Yes, they seem to match well to host DNA mostly. I have attached the rep-seq files for the region in question and another from V3V4 in case your curious to look.

rep-seqsV1V3.qzv (845.8 KB)
rep-seqs-V3V4.qzv (1.6 MB)

Yes, this is what I'm thinking too.

The source DNA is not exactly the same across the regions as in each region contains sequences from studies that collected some kind of oral sample (e.g. buccal, tongue, saliva, etc.). I hope I've understood the question correctly. All of the sequences were pulled from NCBI's SRA and grouped by hypervariable region to be run through the qiime2 pipeline. The sequences grouped to the V1V3 region though happen to all be from one study. But for other regions, there are some regions that have samples from multiple studies. But yes, for the most part each region's sequences have gone through separate DNA extraction and amplification. I hope this makes sense.

Thanks @el502,
That's interesting. The fact that there are a lot of host DNA contaminants in this one particular study makes me think perhaps there was something subpar with their DNA extraction/amplification process. Maybe it was just a super low biomass sample and their primer picked up a lot more human targets.
What is the tissue type being analyzed in this case?
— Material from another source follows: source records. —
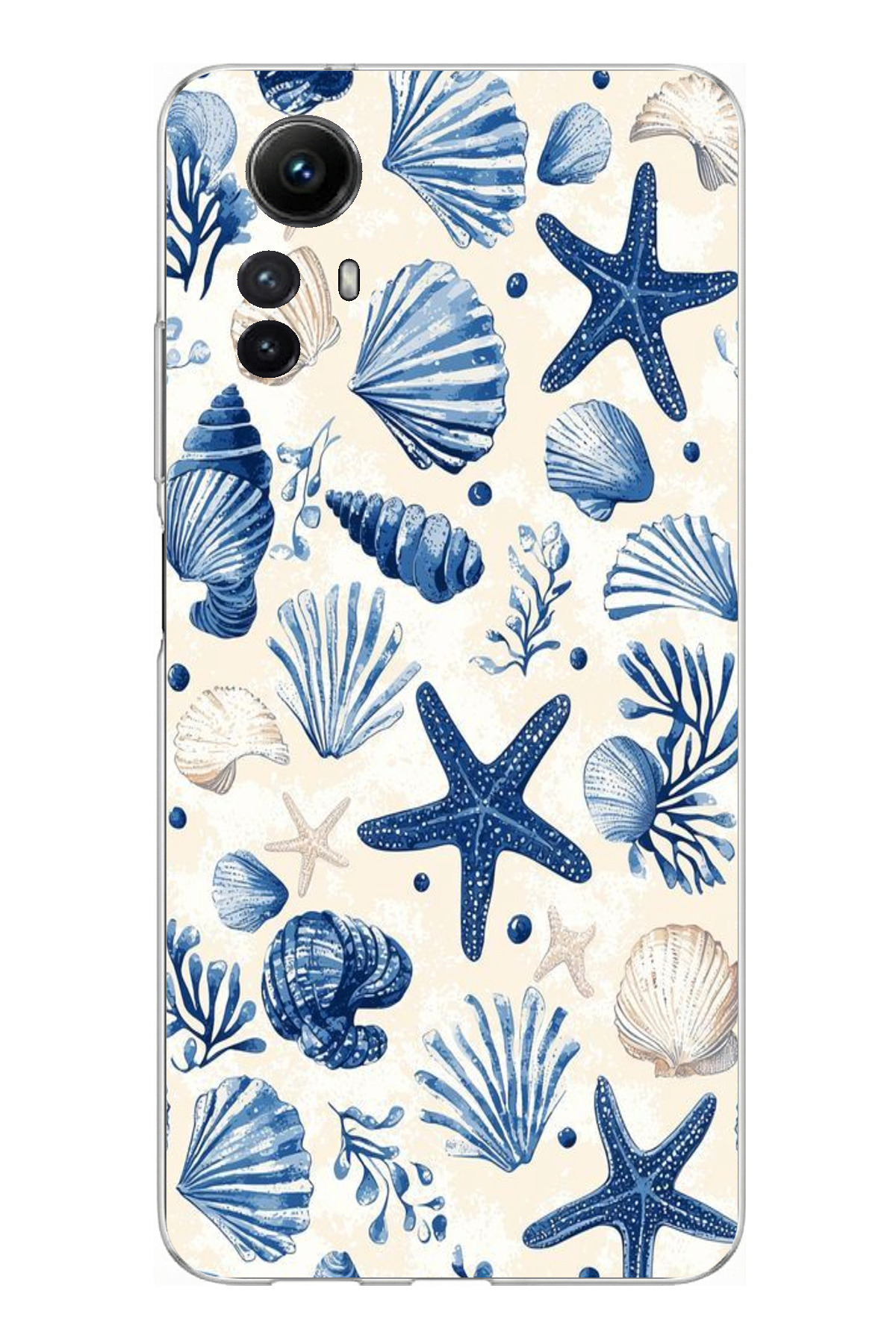 ميزات حافظة سيليكون مطبوع متوافقة مع هاتف Redmi Note 12S بنمط صدفة البحر الزرقاء والنجمة من TechTree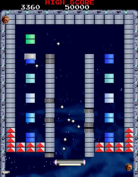 『クエスター』 は、1987年にナムコ(現:バンダイナムコエンターテインメント)から発売されたブロックくずしゲーム。宇宙船ハインダーを操作し、行く手を阻む謎の宇宙生命体ブリーダー(ブロック)を倒しながら、地球へ無事に帰還することがゲームの目標だ。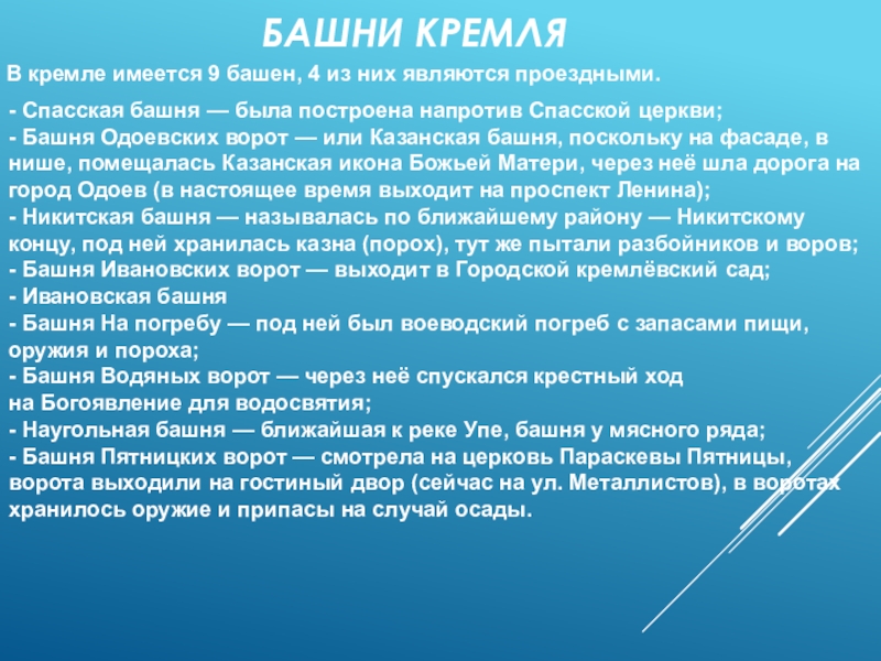 - Башня Ивановских ворот — выходит в Городской кремлёвский сад;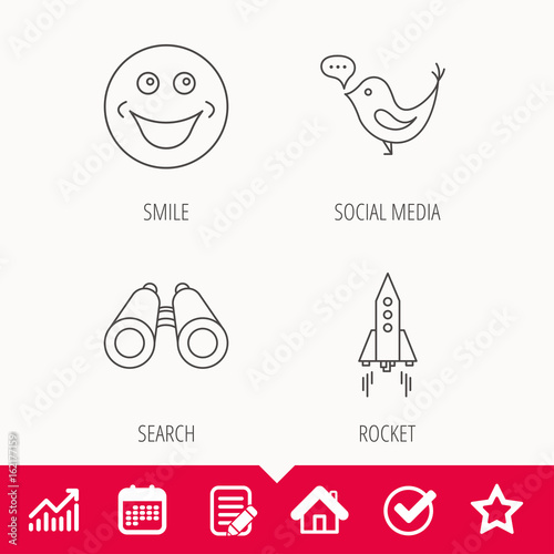 Rocket, social media and search icons. Smiling face linear sign. Edit document, Calendar and Graph chart signs. Star, Check and House web icons. Vector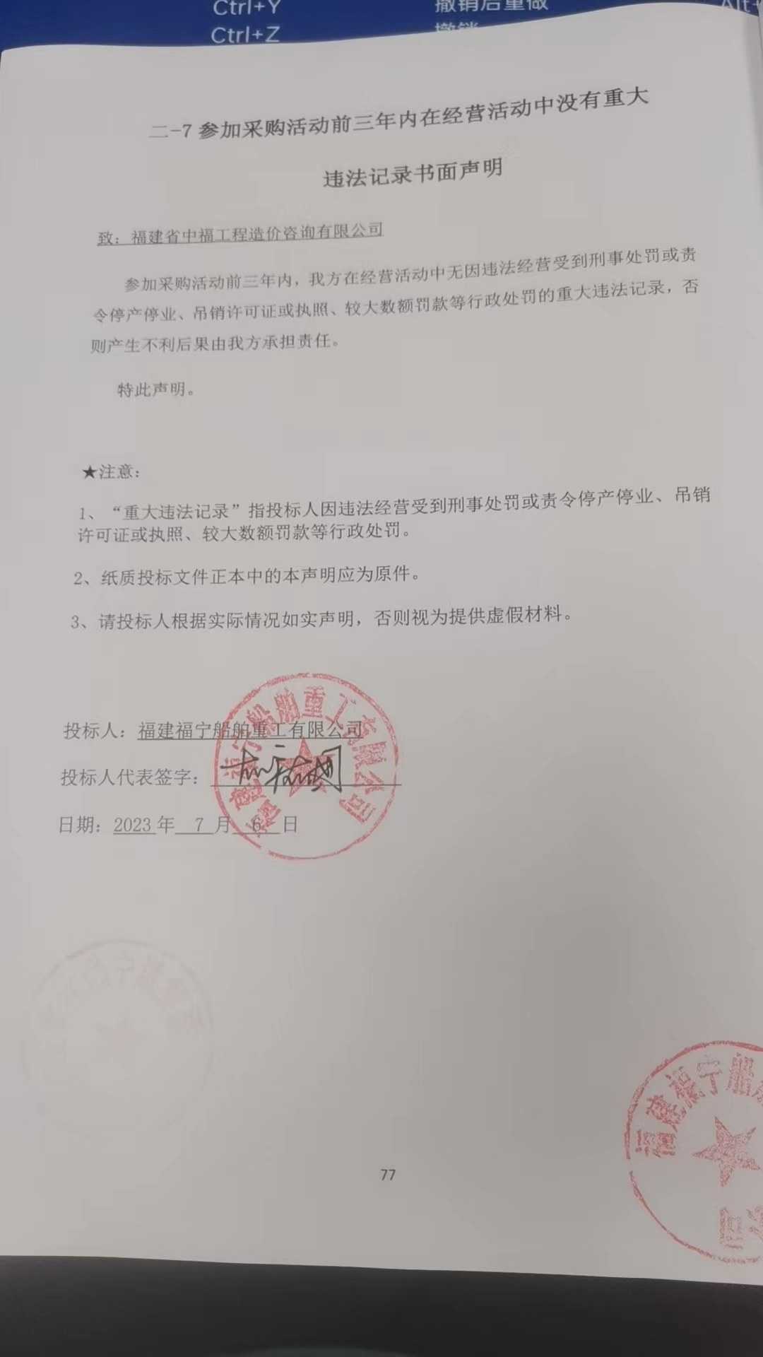 供應商名稱:福建福寧船舶重工有限公司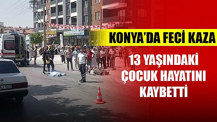 Konya'da motosikletiyle iş yerine giden 13 yaşındaki sürücü, aynı yönde seyreden kamyonun çarpması sonucu hayatını kaybetti. Kamyon sürücüsü kaza sonrası olay yerinden kaçtı.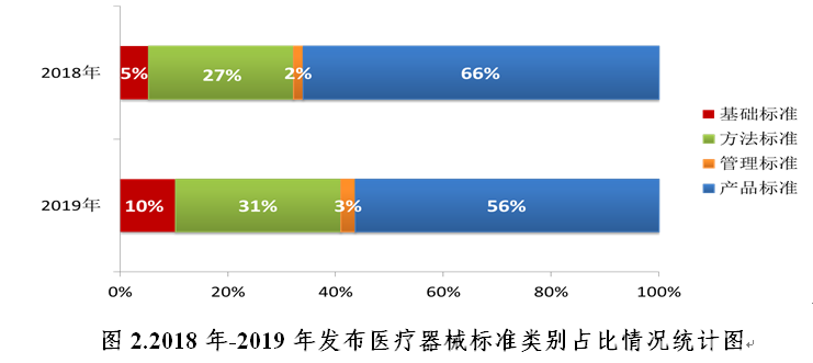 (四)标准约束力更加优化。截至2019年底,医疗器械强制性标准共395项,其中国家标准85项,行业标准310项。2019年国家药品监督管理局根据国务院强制性标准整合精简结论,发布《关于〈医用诊断X射线辐射防护器具 第1部分:材料衰减性能的测定〉等40项强制性医疗器械行业标准转化为推荐性行业标准的公告》(2019年第106号),转化为推荐性的40项标准中,产品标准23项(占57.5%),方法标准7项(占17.5%),管理标准1项(占2.5%),基础标准9项(占22.5%),医疗器械标准技术体系进一步优化。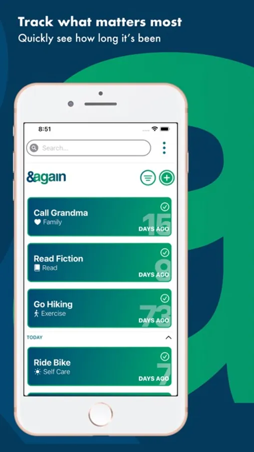 Life moves fast and we can find ourselves mindlessly doing the next thing. &again helps you track and remember to build a life out of those things which are most important to you during this season.
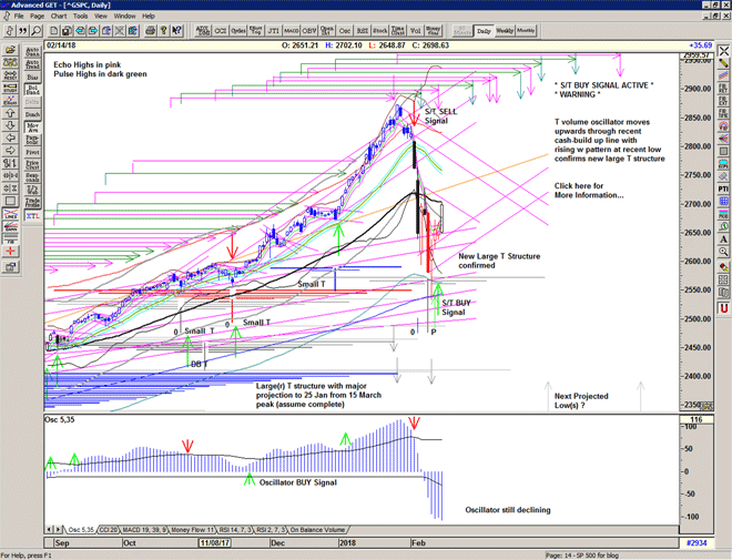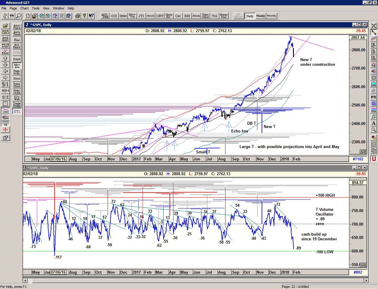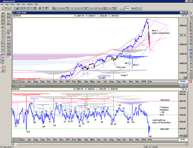 What we are looking for is for the oscillator to rise upwards and ultimately through the declining cash-build up line and this will then define the next T structure with the waves of selling from the oscillator high and from the various price highs, projecting the next series of highs in the market.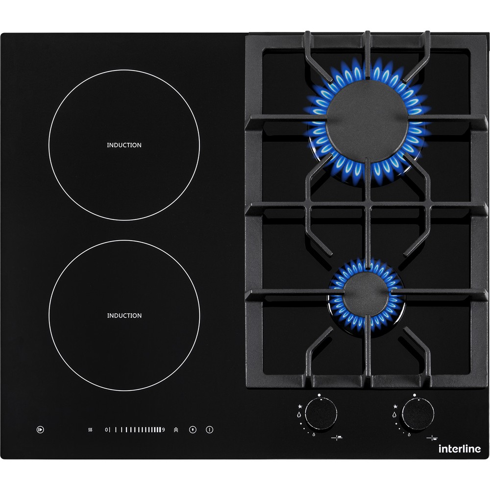 Комбинированная варочная поверхность Interline HCV 560 KGF BA оснащена двумя газовыми горелками и двумя электрическими, что значительно расширяет ее возможности во время готовки еды. Две индукционные конфорки имеют девять уровней мощности и режим повышенной производительности – Бустер. Также предусмотрена блокировка панели управления – Защита от детей.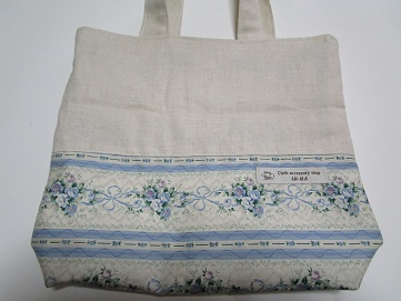 花柄のハギレと無地の生地で布バックを作ってみました。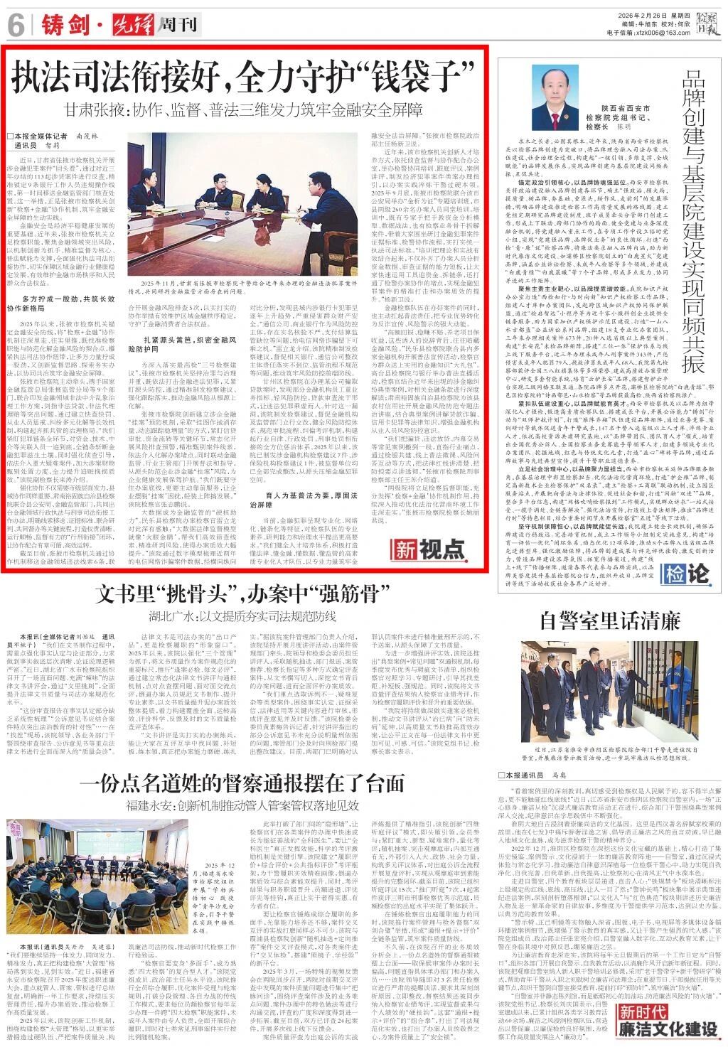 2026年2月26日,检察日报先锋周刊刊发《执法司法衔接好,全力守护“钱袋子” 甘肃张掖:协作、监督、普法三维发力筑牢金融安全屏障》。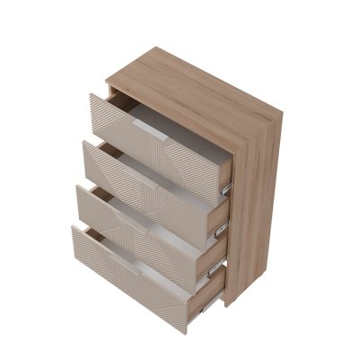 Комод "Эмилия" КМ-02 обладает четырьмя просторными ящиками для одежды и белья. Благодаря эргономичным фасадам открывание ящиков становится удобным и лёгким.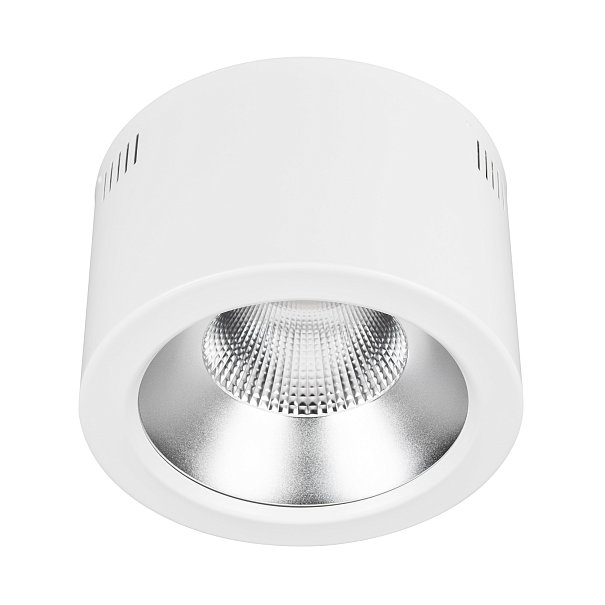 Накладной интерьерный светильник. Мощность 35 Вт, св. поток 2870 лм, 82 лм/Вт, теплый 3000К, CRI>80, угол 50°, напряжение питания 230 В. Белый круглый корпус из алюминия. Степень защиты IP20. Размер: Ø235х160мм. Монтаж накладной. Питание AC220-240V. Драйвер в комплекте (26.5-44.5V, 900mA).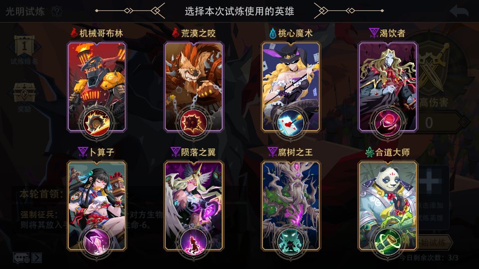 蘑菇补血流:(孢子+树妖+低语者+生命古树+治愈之风等)该常规打法一般可以拿满魔晶奖励,2000分伤害打满需要的条件较高。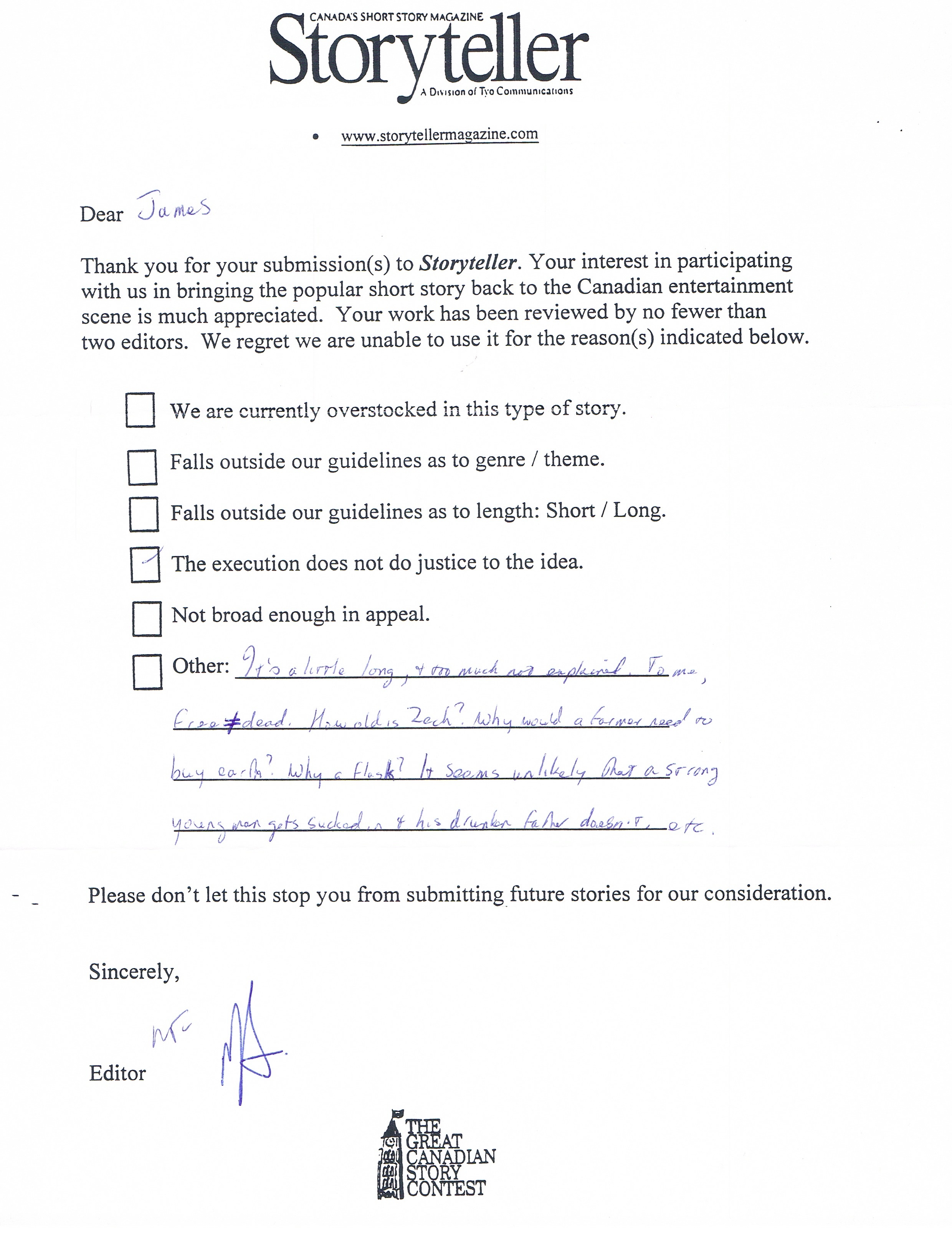 On this occasion, the Gods of Randomness told me I should look in the “S” folder of my expandable file, which, as you can imagine based on the prevalence of “S” in the English language is one of the more well-populated ones. And what should I find on top in that section but two letters from the Canadian magazine Storyteller, of which one was, as expected, a rejection, but the other was one of those rarer beasts, an acceptance. So in the interest of inducing a little mood whiplash, I scanned them both. First, let’s do the rejection: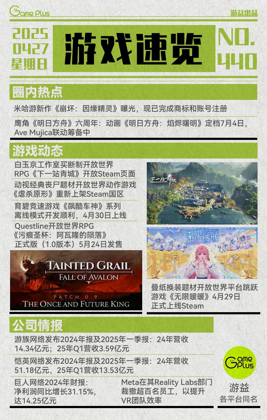 1.游族网络发布2024年报及2025年一季报:24年营收14.34亿元;25年Q1营收3.59亿元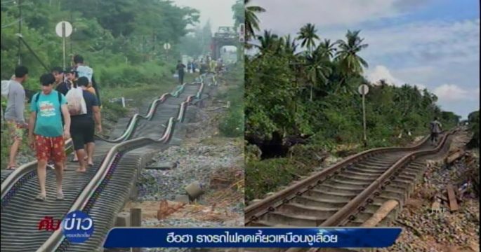 ทางรถไฟสายใต้ ช่วงตลาดบางสะพาน จ.ประจวบคีรีขันธ์ คดเคี้ยวเหมือนงูเลื้อย ในช่วงน้ำท่วม ด้านการรถไฟแห่งประเทศ เร่งซ่อมแซมราง คาดเดินรถได้พรุ่งนี้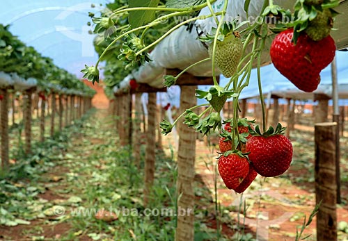 •  Detail of strawberry plantation - greenhouse of rural property on the banks of the RS-235 Highway - Nova Petropolis city direction  - Gramado city - Rio Grande do Sul state (RS) - Brazil

I've seen similar issues with mouse intestinal issues when really strong bead-beating steps are utilized.

Apologies for the late reply. Thanks for your interest.

These are oral mucosa tissues. I think there may have been something subpar as you mentioned. But the authors did use blastn searches against other databases to find the best match to assign taxonomy to. But this would be a different approach than the one we've used for the other data from other regions.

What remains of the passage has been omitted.